Канву событий я могу восстановить только по рассказу Ветвинского.

Элла Приходько - ей исполнилось уже двадцать два - в дым разругалась с отцом и в пылу жестокой ссоры, на глазах у почтенной публики, среди которой, естественно, нашлись любители почесать языки, прокричала нечто такое: "Ты бы лучше заткнулся! Убил Юрку, сломал жизнь мне, а теперь хочешь снова сломать? Не дождешься!"

Катунины, как я понял, при этой ссоре не присутствовали, но - имеющий уши да слышит! Что-то до них донеслось, не оставили их без информации добрые люди. Ошеломленные, но ничуть в нее не поверившие, они все же поделились жаркой новостью с Любой Тришкиной. Ну, а дальше - пошло-поехало… Труднее всего было пробить лбом прокурорскую стену. Как-то все-таки удалось. Словом, возобновили следствие "по вновь открывшимся обстоятельствам". Как оно шло - не знаю, гадать не хочу. Зато знаю итог.

Юра Сарыкин (тот, что убит) - тихий, скромный, "в погоне за юбками не замечен", адюльтерчик с Любой не в счет: просто попутал бес, - так вот, Юра Сарыкин как раз по женской части, ко всеобщему, надо сказать, удивлению, оказался парень вовсе не промах. Пока соседи старшего поколения враждовали между собой, младшие - в лице Эллы-подростка - жили своими страстями. Эти страсти и кинули ее в объятия Юры, когда все взрослые члены коммунального муравейника пребывали на работе. Кинули раз и потом кидали неоднократно. Даже в то время, когда Юра нашел тихую пристань под Любиной крышей. Дошло до того, что, не будь своевременно приняты меры, вполне мог бы оказаться дважды отцом: зримый результат потайной любви Юры и Эллы должен был явиться на свет приблизительно в те же самые дни, что и ребенок Юры и Любы.

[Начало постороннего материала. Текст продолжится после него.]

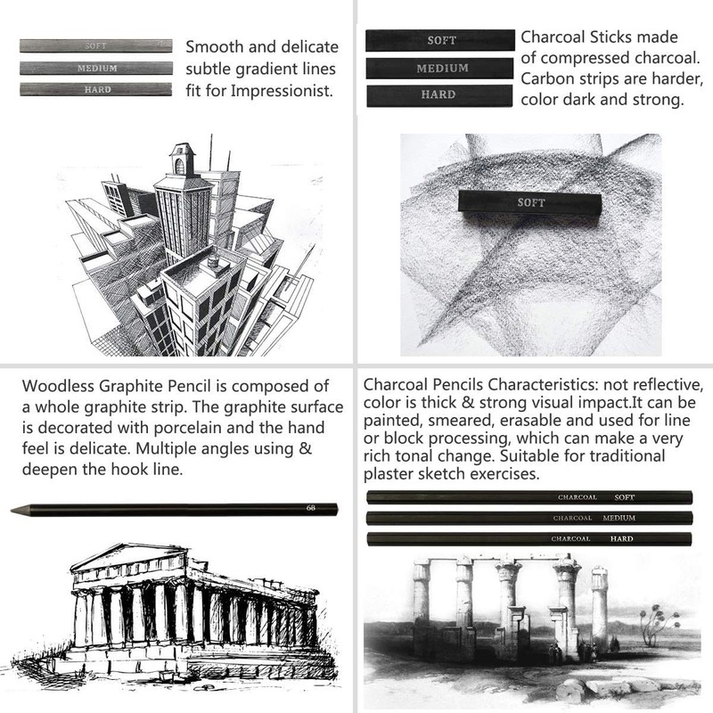 - ✎ VARIETY OF PENCILS - Drawing pencils include 8B, 6B, 5B, 2x4B, 3B, 2x2B, B, 2xHB, 2H, 3H, 4H and 5H, charcoal pencils & sticks and graphite sticks with different hardness: soft/ medium/ hard, grant you all ranges of shades and enhance your sketching technique.

О грозящей беде сначала узнала от Эллы мать, а следом, понятно, отец. Узнал, но шума не поднял: разработал свой план. Рисковый, но жесткий. Поговорил "по-хорошему" - с Юрой. Один на один. Предложил (могу представить себе, в каких словах предложение было сделано!) покрыть грех законным браком, благо Юра и Люба "расписаться" еще не успели. Получил отказ. Притом, как сказал мне Леонид Александрович, отказ унизительный. В чем состояло особое унижение, я так и не понял, но догадаться несложно: в форме, я думаю, и в интонации. Впрочем, это не суть важно. Главное - схлопотал морально по морде. Защищая честь дочери-школьницы, Борис сказал совратителю, что придется ему пенять на себя. Попенять не успел: осатаневший от ярости папа просто его пришил, посчитав - не без оснований, как видим, - что спишут все на Ефима и Шуру.

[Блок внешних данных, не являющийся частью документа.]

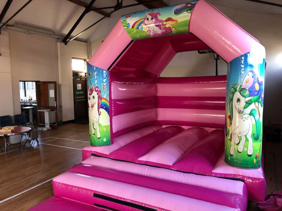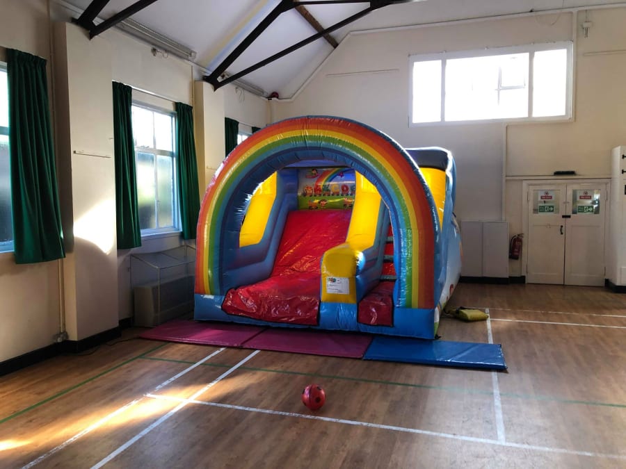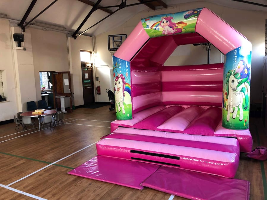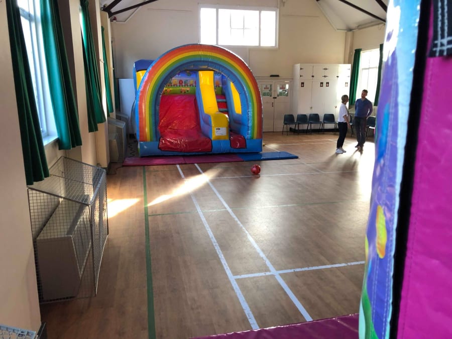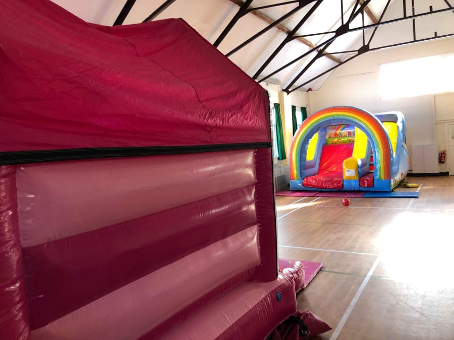 It's a shame we've not managed it before now as it's such a lovely big, clean hall with lots of natural light filling it. It has a lovely reception area with an entrance to the huge kitchen and one to the hall. The hall has lots of open space and it's own kitchen entrance (and serving hatch). There's plenty of space for a bouncy castle (and on this hire we actually had two bouncy castles, a pink unicorn one as well as a junior slide). There's room enough for most of our inflatables to fit in safely, including fun-runs, although the tall slides wouldn't be able to squeeze in height wise.

Самым блестящим ходом в этой тщательно разработанной операции была, конечно, его страстная речь в защиту тех, в чью сторону и ему самому хотелось направить тупое следствие. А потом и суд… То есть, по примитивной логике, должен был их поносить. Но примитивностью не отличился. Понимал, что, действуя "от противного", не навлекает на себя подозрения. Совсем наоборот - отвлекает. А в случае чего сможет даже на этом сыграть.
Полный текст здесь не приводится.